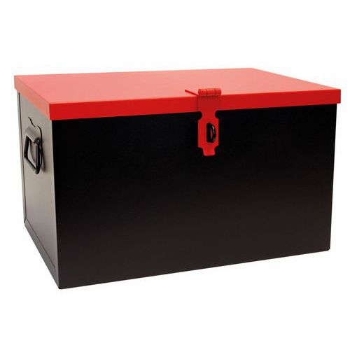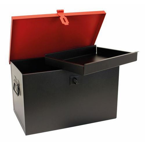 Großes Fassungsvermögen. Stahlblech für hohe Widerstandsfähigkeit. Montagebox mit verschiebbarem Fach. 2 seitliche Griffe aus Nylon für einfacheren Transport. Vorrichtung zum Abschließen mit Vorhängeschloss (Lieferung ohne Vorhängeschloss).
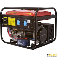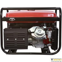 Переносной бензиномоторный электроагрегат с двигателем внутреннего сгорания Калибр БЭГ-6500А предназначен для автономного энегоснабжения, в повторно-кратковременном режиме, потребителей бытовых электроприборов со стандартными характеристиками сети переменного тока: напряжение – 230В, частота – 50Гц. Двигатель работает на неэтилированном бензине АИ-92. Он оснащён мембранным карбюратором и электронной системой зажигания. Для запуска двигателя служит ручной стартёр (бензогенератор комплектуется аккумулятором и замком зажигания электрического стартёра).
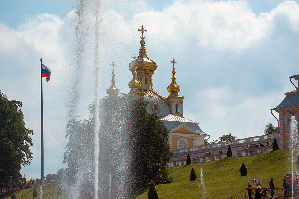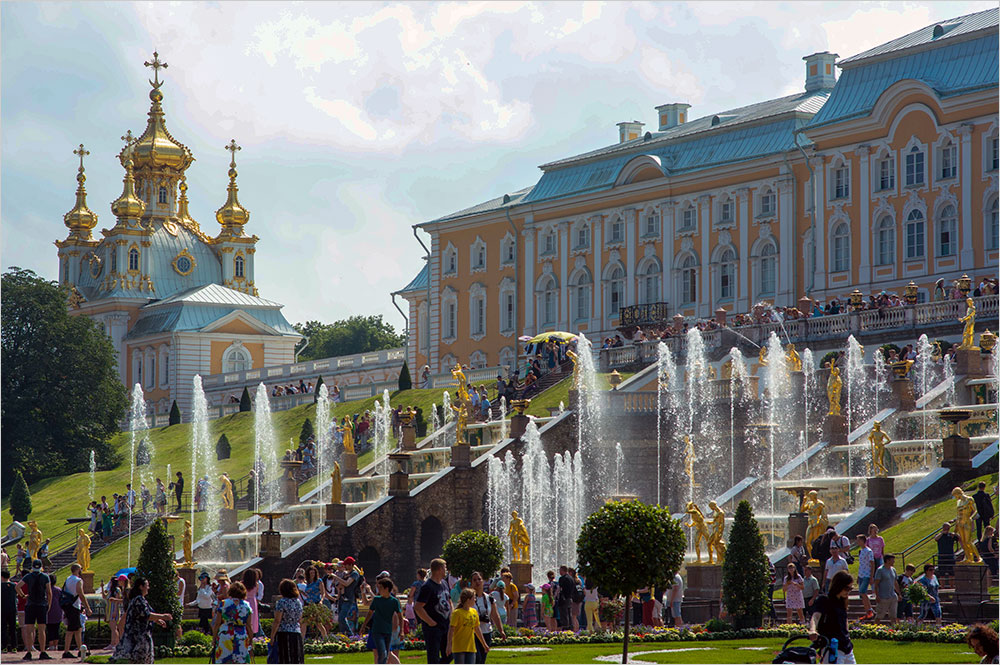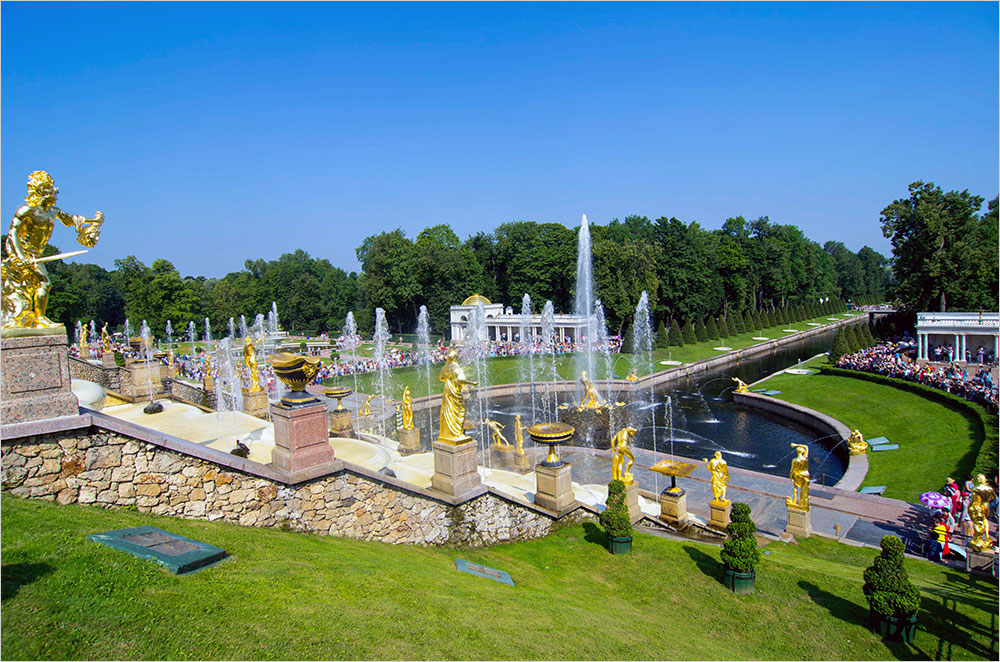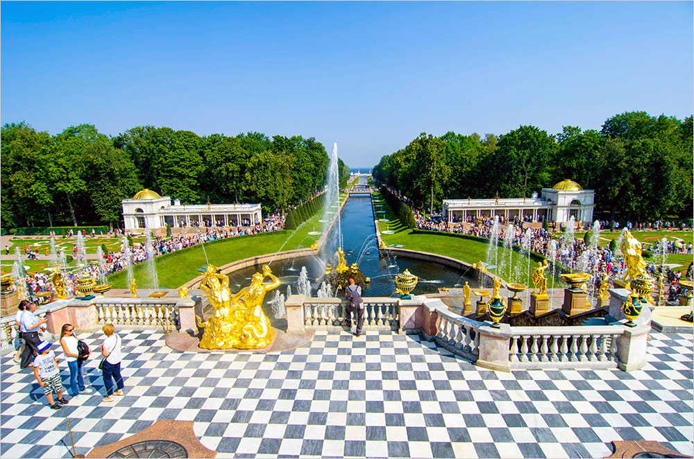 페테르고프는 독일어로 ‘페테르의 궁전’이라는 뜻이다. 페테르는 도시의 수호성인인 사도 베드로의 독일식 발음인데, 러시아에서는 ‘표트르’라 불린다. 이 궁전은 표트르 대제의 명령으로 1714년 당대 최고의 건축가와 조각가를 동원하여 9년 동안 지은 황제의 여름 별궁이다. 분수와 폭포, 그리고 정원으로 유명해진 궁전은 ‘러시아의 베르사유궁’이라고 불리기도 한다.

════════════════════

**PROBLEM REQUIREMENTS:**
Print only the lines from the first line of the data above through the one containing "Переносной бензиномоторный электроагрегат", exactly as they are, with pictures omitted.

**WRITTEN REPLY:**
 Großes Fassungsvermögen. Stahlblech für hohe Widerstandsfähigkeit. Montagebox mit verschiebbarem Fach. 2 seitliche Griffe aus Nylon für einfacheren Transport. Vorrichtung zum Abschließen mit Vorhängeschloss (Lieferung ohne Vorhängeschloss).
 Переносной бензиномоторный электроагрегат с двигателем внутреннего сгорания Калибр БЭГ-6500А предназначен для автономного энегоснабжения, в повторно-кратковременном режиме, потребителей бытовых электроприборов со стандартными характеристиками сети переменного тока: напряжение – 230В, частота – 50Гц. Двигатель работает на неэтилированном бензине АИ-92. Он оснащён мембранным карбюратором и электронной системой зажигания. Для запуска двигателя служит ручной стартёр (бензогенератор комплектуется аккумулятором и замком зажигания электрического стартёра).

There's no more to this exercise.